Cloudy Issues: Misconceptions About P2P Solutions .

procurement technologyPurchase to Pay

In this guest post, Procurement Leaders invites Doede van Haperen to apply his experience as a software consultant to scrutinise the P2P system and ask whether cloud-based platforms are delivering on the hype. 


Are the big software firms following a trend by investing heavily in cloud, and are they creating a illusory environment for purchasers by investing this way? SRM tooling, specifically solutions for sourcing and purchase-to-pay, seems to be a front-running field of application that is suitable for cloud, considering the vast amount of suppliers which is active at different global and local levels. But, looking at P2P, the danger is that everyone is blinding themselves to the reality of the 'new promise' that we were told would come from cloud software.

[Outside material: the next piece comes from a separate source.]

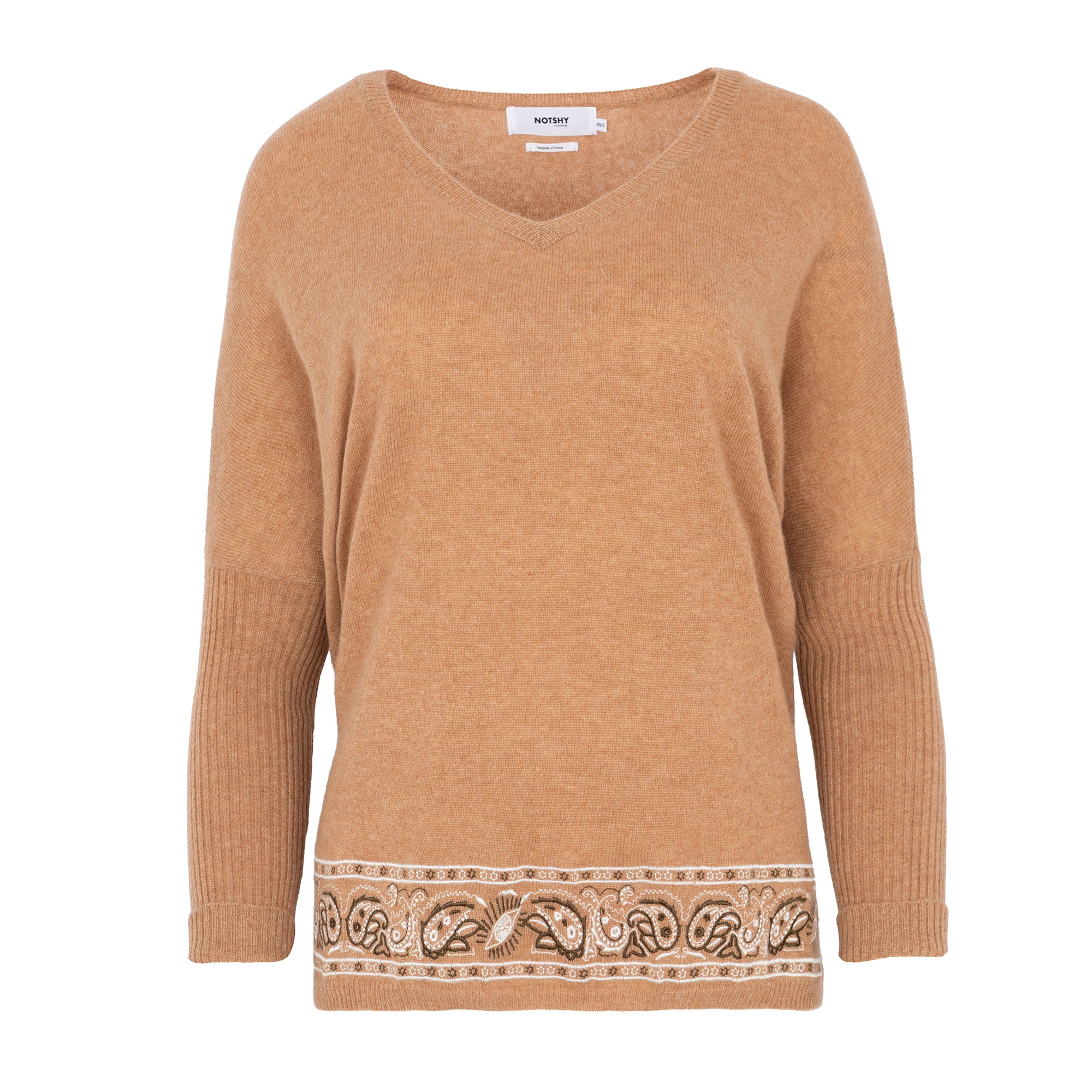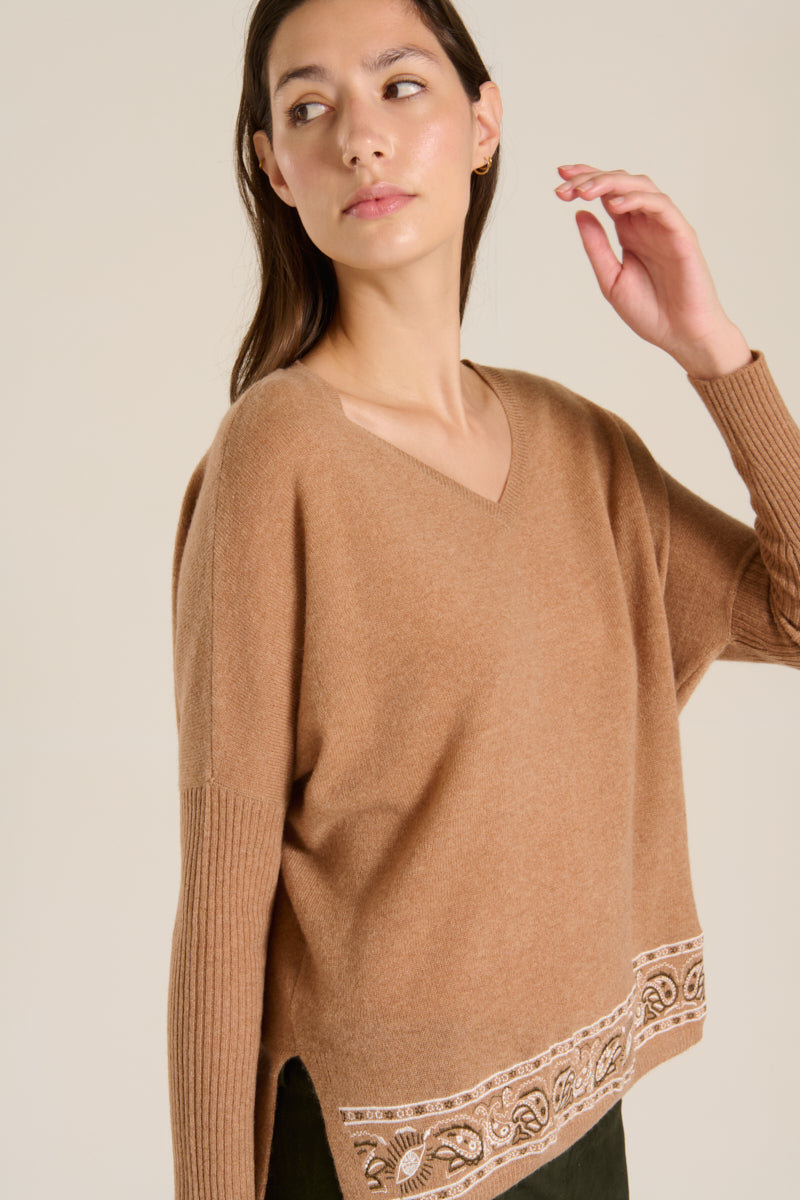 Jersey de cuello pico de la firma francesa Not Shy en color camel. Cenefa bordada con motivos arabescos en tonos verde oscuro y blanco. Composición: 100% Cachemire.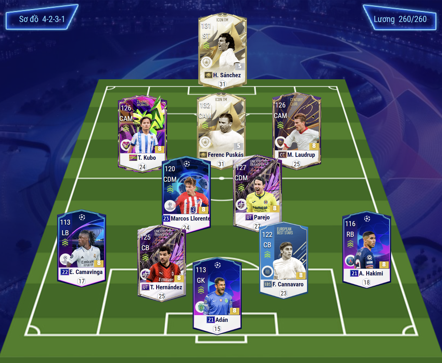 Sơ đồ 4231 với vị trí tiền đạo cắm được lựa chọn là Hugo Sanchez. Bộ 3 tiền vệ trung tâm với Puskas sẽ đảm nhiệm vai trò tiền vệ công CAM. Trong khi đó cặp đôi tiền vệ công lệch trái phải lần lượt là Kubo và Laudrup.

Let us zoom into this 'promise': Is it the case that cloud brings you less maintenance, best of breed that fits yòur need, lower level lock-in, higher supplier enablement, etc.? In the end it all comes down to vision and approach; a complex P2P scope in an international environment requires a complex P2P tool, cloud or not. Still, there is no magic potion that will absolve organisations of the need for a mature, nuanced approach. Moving to a niche SaaS-tool here because the catalogue is flashy will indeed simplify your life, but mainly because it will encourage you to waive 90% of your ambition and not because of cloud advantages per se. Instead, we need to look more closely at what the added vaue of the cloud really is. 

What's new is old

Maybe the fight of on-demand versus on-premise has opened up new potential that earns more attention than it gets through marketing so far. Let's look at a similar cycle of hype: Why was there a blog post on this same website not too long ago about electric vehicles not boosting sales enough? Simple, because there are hybrid cars (plug-in's, full-hybrids, range-extended-ev's), which are, I believe, the more logical choice to make. They represent ‘the new', but still adhere to what we know.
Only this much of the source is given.